Records provided
──────────────────────────────

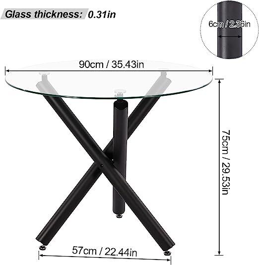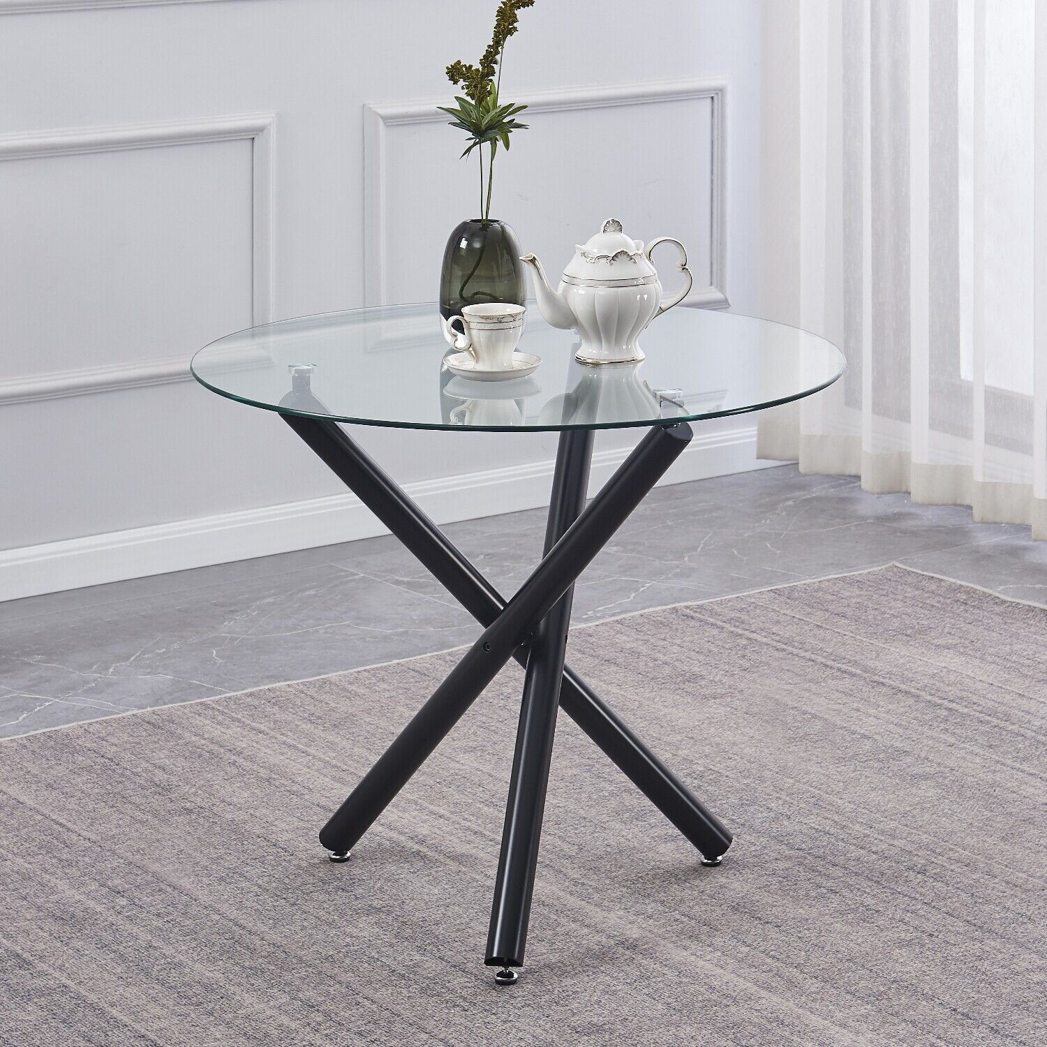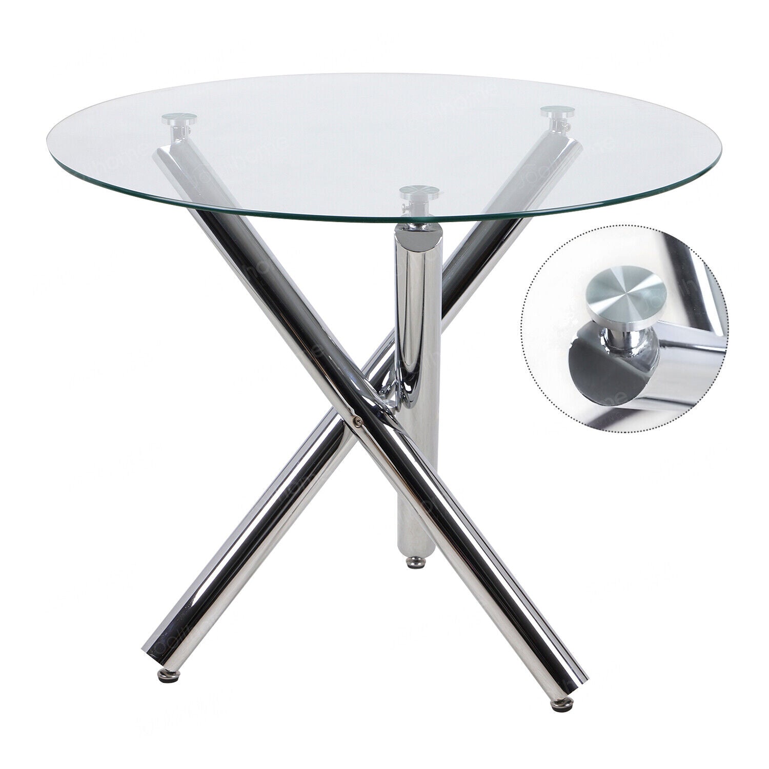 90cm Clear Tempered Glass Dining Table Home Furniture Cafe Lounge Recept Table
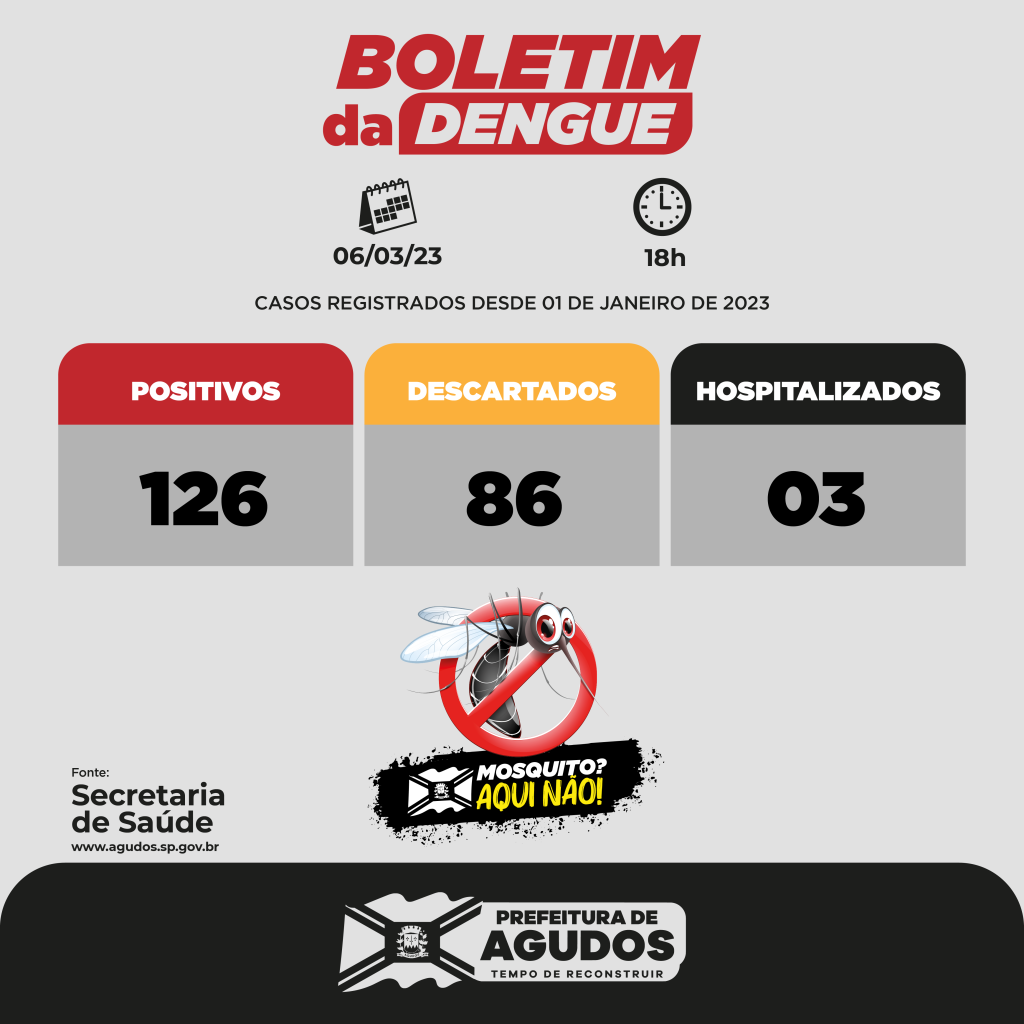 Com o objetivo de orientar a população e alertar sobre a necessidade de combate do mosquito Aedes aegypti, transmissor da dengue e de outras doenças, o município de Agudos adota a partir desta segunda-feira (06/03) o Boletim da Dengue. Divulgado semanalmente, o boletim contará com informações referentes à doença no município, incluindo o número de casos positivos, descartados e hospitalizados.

──────────────────────────────

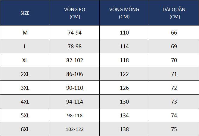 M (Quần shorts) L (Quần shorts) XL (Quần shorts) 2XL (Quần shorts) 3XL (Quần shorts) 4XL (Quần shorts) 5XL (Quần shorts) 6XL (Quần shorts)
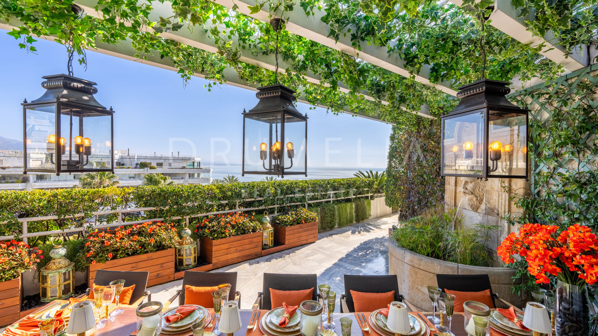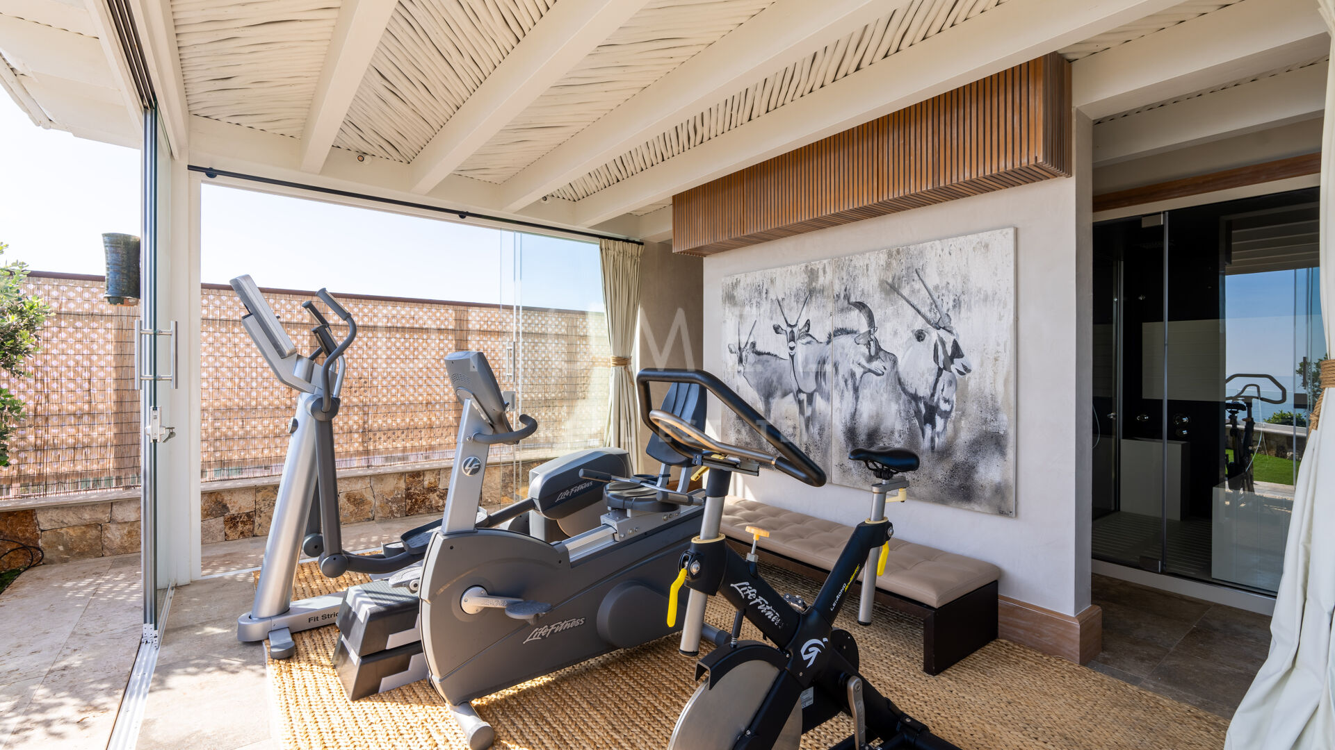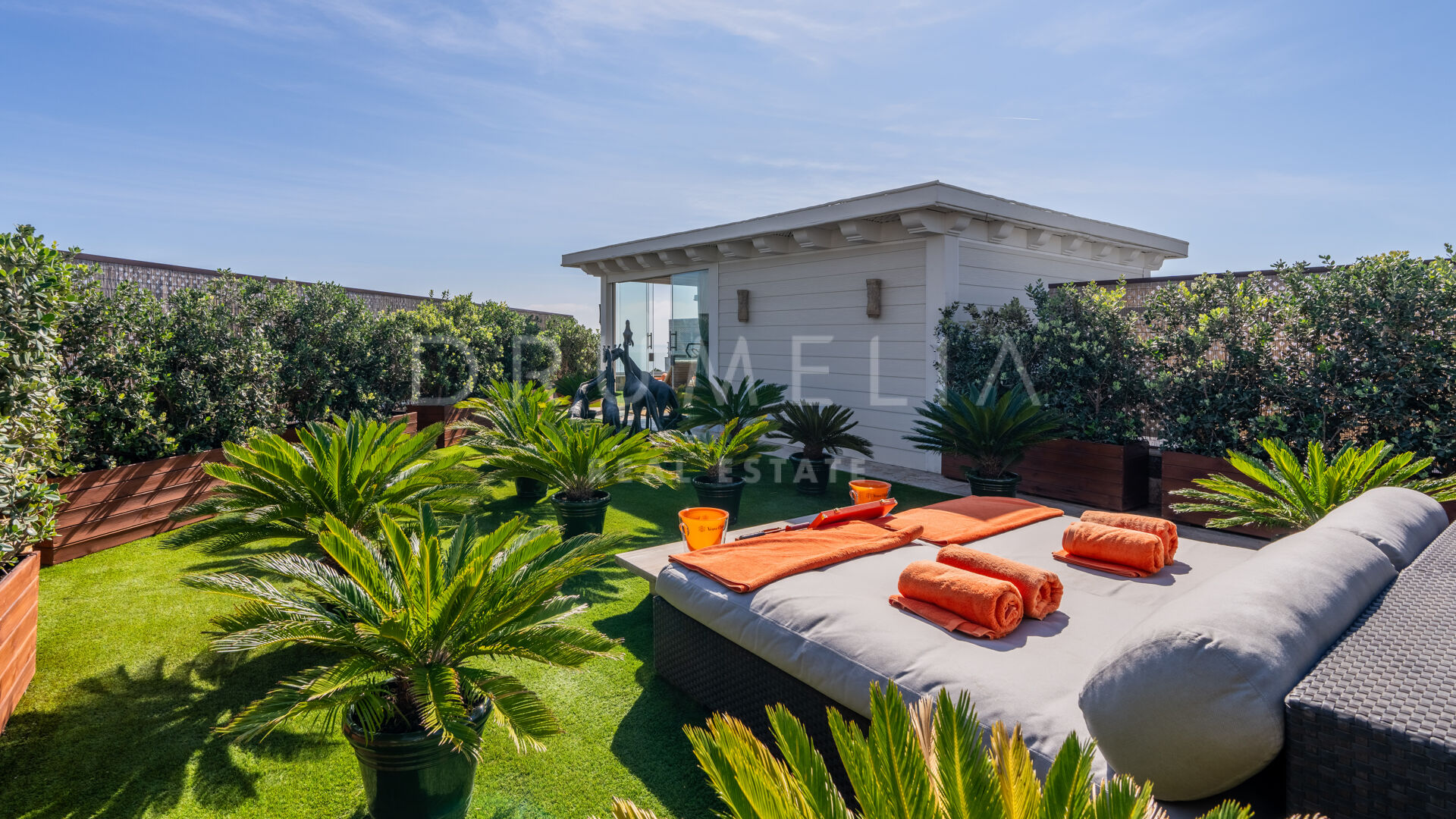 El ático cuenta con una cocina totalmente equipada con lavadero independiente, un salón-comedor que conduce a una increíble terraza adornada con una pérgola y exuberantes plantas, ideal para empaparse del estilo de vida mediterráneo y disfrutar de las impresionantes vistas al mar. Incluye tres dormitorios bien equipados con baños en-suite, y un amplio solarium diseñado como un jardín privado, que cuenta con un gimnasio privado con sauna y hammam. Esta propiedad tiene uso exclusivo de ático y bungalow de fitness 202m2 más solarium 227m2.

──────────────────────────────

Exercise brief
Taking the entries above, extract every line from the one bearing "90cm Clear Tempered" through the one bearing "Com o objetivo", exactly, with no pictures.

Solution to this exercise
 90cm Clear Tempered Glass Dining Table Home Furniture Cafe Lounge Recept Table
 Com o objetivo de orientar a população e alertar sobre a necessidade de combate do mosquito Aedes aegypti, transmissor da dengue e de outras doenças, o município de Agudos adota a partir desta segunda-feira (06/03) o Boletim da Dengue. Divulgado semanalmente, o boletim contará com informações referentes à doença no município, incluindo o número de casos positivos, descartados e hospitalizados.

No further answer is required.